EXERCISE GOAL: Word for word, restate the lines of the listing below from the line with "โรงงานหลวงอาหารสำเร็จรูปที่ 1 (ฝาง)" through the line with "(250512) -- ANKARA, 12", and do not include the pictures.

AVAILABLE RECORDS:
▶

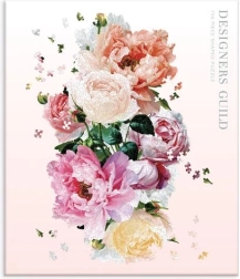 En rig komposition af pæonblomster i pastelfarver giver det færdige billede en subtil elegance og et dekorativt udtryk.
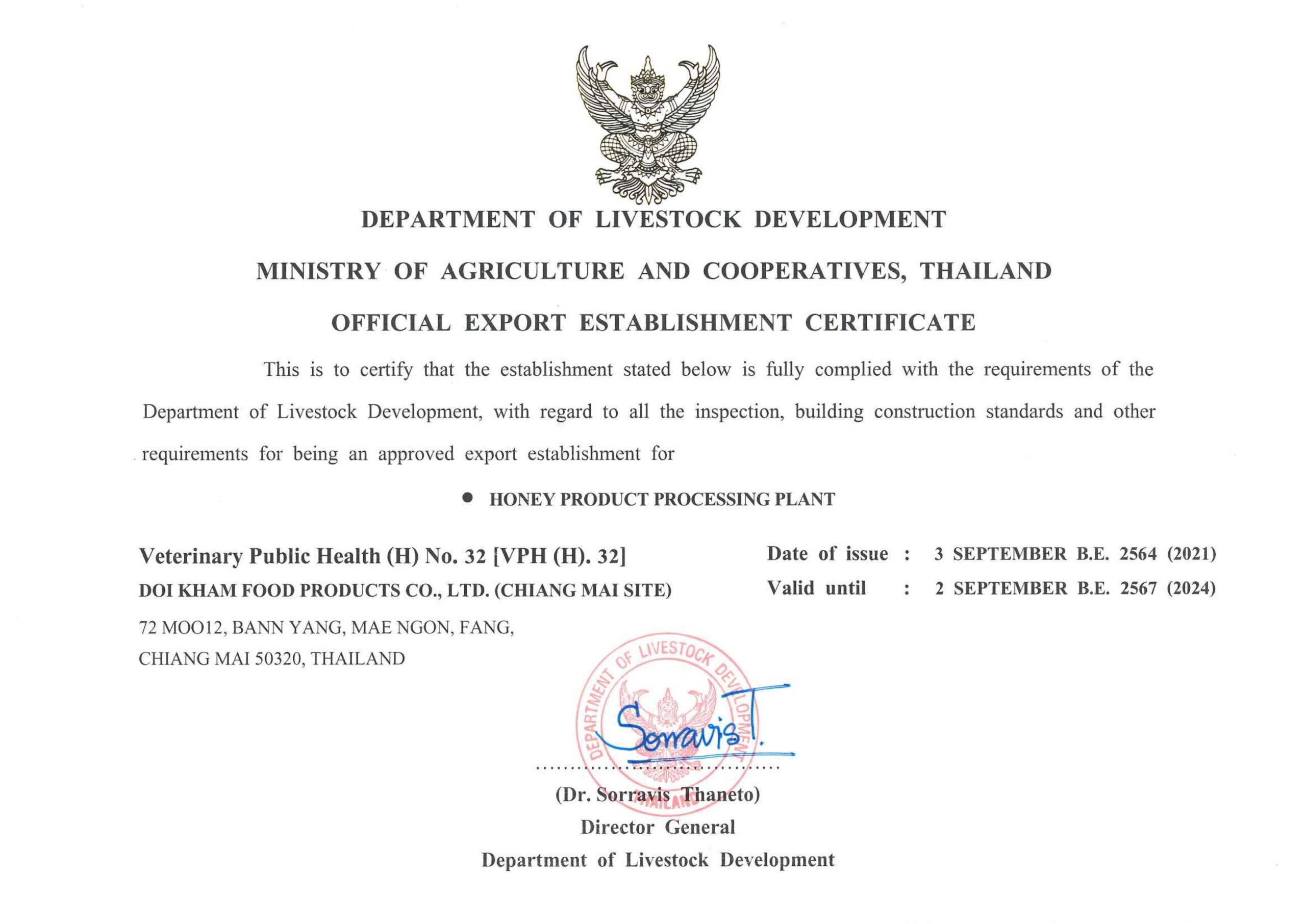 โรงงานหลวงอาหารสำเร็จรูปที่ 1 (ฝาง) จังหวัดเชียงใหม่ ได้รับการรับรองให้เป็นโรงงานเพื่อการส่งออกระบบ GMP (โรงงานใหม่) (OFFICIAL EXPORT ESTABLISHMENT CERTIFICATE) Veterinary Public Health (H) No.32 [VPH (H). 32] ในกลุ่มผลิตภัณฑ์ “น้ำผึ้งดอยคำ“ จากคณะกรรมการรับรองระบบ GMP และระบบ HACCP ในสถานประกอบการเพื่อการส่งออก จากสำนักพัฒนาระบบและรับรองมาตรฐานสินค้าปศุสัตว์ กรมปศุสัตว์
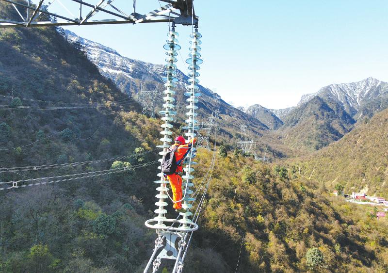国网四川送变电公司泸定分部员工刘云在二郎山检修500千伏甘姜二线。 潘柱东 摄
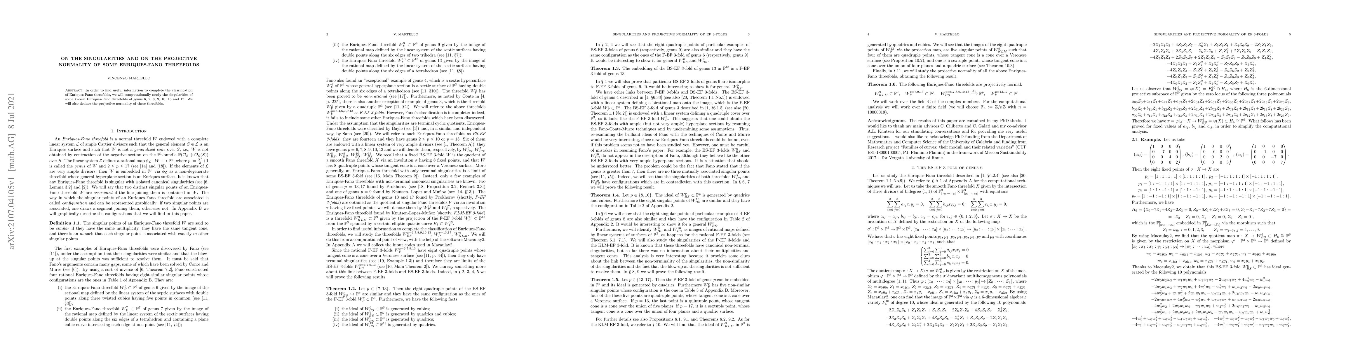 This paper computationally investigates the singularities of selected Enriques-Fano threefolds of various genera and deduces their projective normality to aid in the classification of such threefolds.
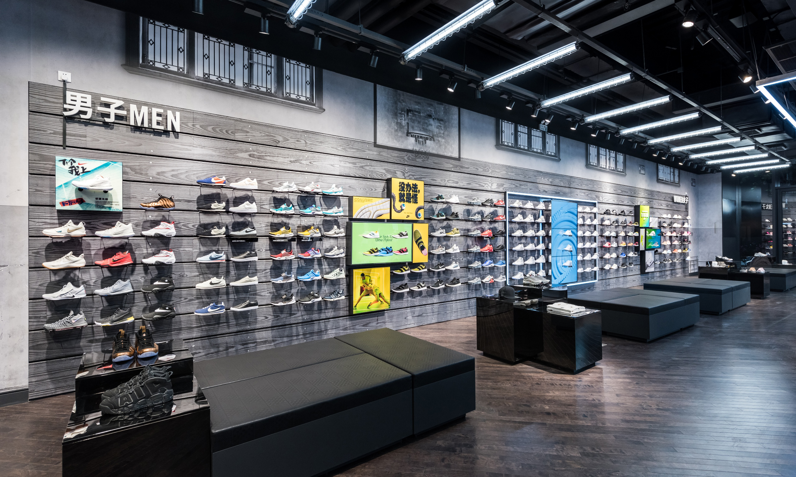 店内提供包含耐克跑步、运动生活、篮球及 Jordan 品牌系列产品,其中特别规划 Jordan 专区为消费者带来最具故事性与科技创新的产品。值得一提的是,店铺内长达 16.64 米的球鞋展示墙 POWER WALL,可陈列超过百余双的鞋款,而此 POWER WALL 开拓性地采用新的产品陈列分类方式,结合专业运动与潮流文化,将产品以主题性与功能性交织陈列进行区分,让消费者抛开束缚,尽情发掘最新的球鞋故事,激发球鞋搭配灵感,让消费者都能找到心目中的 “那双鞋”。
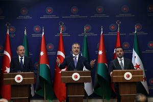 (250512) -- ANKARA, 12 mayo, 2025 (Xinhua) -- El ministro de Relaciones Exteriores turco, Hakan Fidan (c), el ministro de...
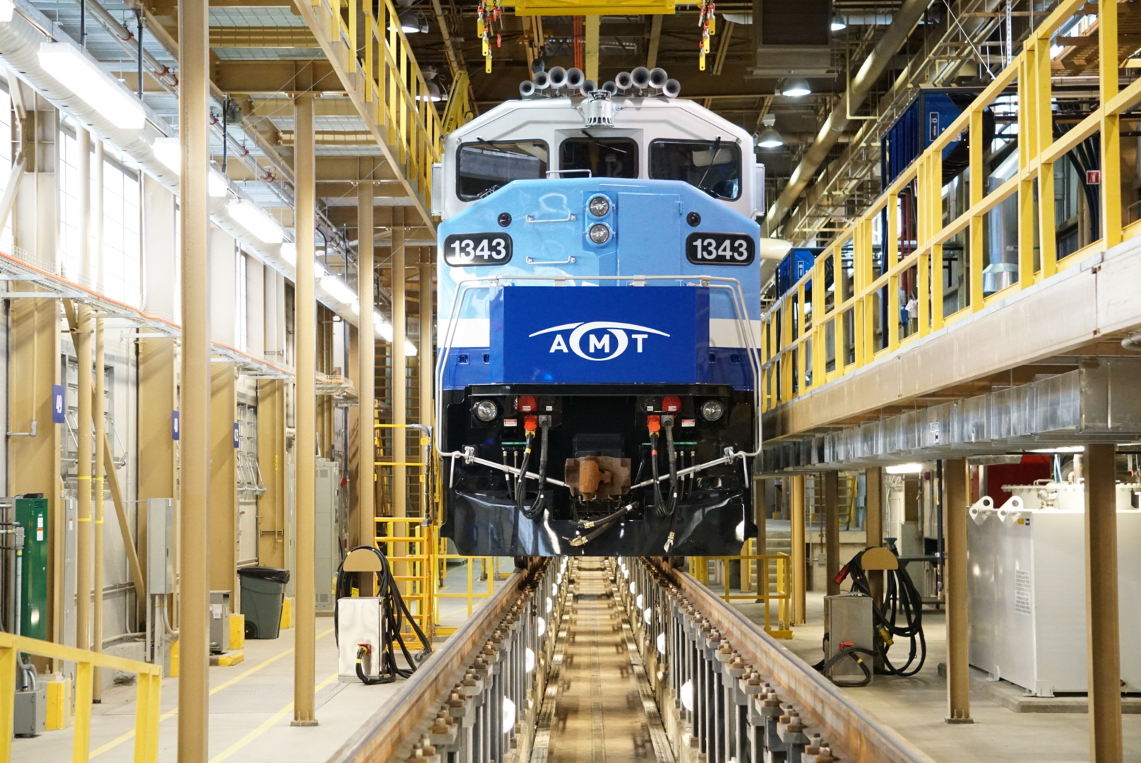 Dans un atelier de service, une voie ferrée a été surélevée afin de permettre aux employés de l’AMT d’examiner les dessous des trains. Sur cette même voie, il est possible de remplacer des composantes du système de climatisation, de faire une vidange d’huile et de changer une roue, dont la durée de vie est en moyenne de cinq à six ans. Cette dernière tâche était, auparavant, effectuée en l’espace de deux jours puisque le train devait être décomposé. Elle le sera en moins de deux heures dans le nouveau centre d’entretien.

◀

RESPONSE:
 โรงงานหลวงอาหารสำเร็จรูปที่ 1 (ฝาง) จังหวัดเชียงใหม่ ได้รับการรับรองให้เป็นโรงงานเพื่อการส่งออกระบบ GMP (โรงงานใหม่) (OFFICIAL EXPORT ESTABLISHMENT CERTIFICATE) Veterinary Public Health (H) No.32 [VPH (H). 32] ในกลุ่มผลิตภัณฑ์ “น้ำผึ้งดอยคำ“ จากคณะกรรมการรับรองระบบ GMP และระบบ HACCP ในสถานประกอบการเพื่อการส่งออก จากสำนักพัฒนาระบบและรับรองมาตรฐานสินค้าปศุสัตว์ กรมปศุสัตว์
国网四川送变电公司泸定分部员工刘云在二郎山检修500千伏甘姜二线。 潘柱东 摄
 This paper computationally investigates the singularities of selected Enriques-Fano threefolds of various genera and deduces their projective normality to aid in the classification of such threefolds.
 店内提供包含耐克跑步、运动生活、篮球及 Jordan 品牌系列产品,其中特别规划 Jordan 专区为消费者带来最具故事性与科技创新的产品。值得一提的是,店铺内长达 16.64 米的球鞋展示墙 POWER WALL,可陈列超过百余双的鞋款,而此 POWER WALL 开拓性地采用新的产品陈列分类方式,结合专业运动与潮流文化,将产品以主题性与功能性交织陈列进行区分,让消费者抛开束缚,尽情发掘最新的球鞋故事,激发球鞋搭配灵感,让消费者都能找到心目中的 “那双鞋”。
 (250512) -- ANKARA, 12 mayo, 2025 (Xinhua) -- El ministro de Relaciones Exteriores turco, Hakan Fidan (c), el ministro de...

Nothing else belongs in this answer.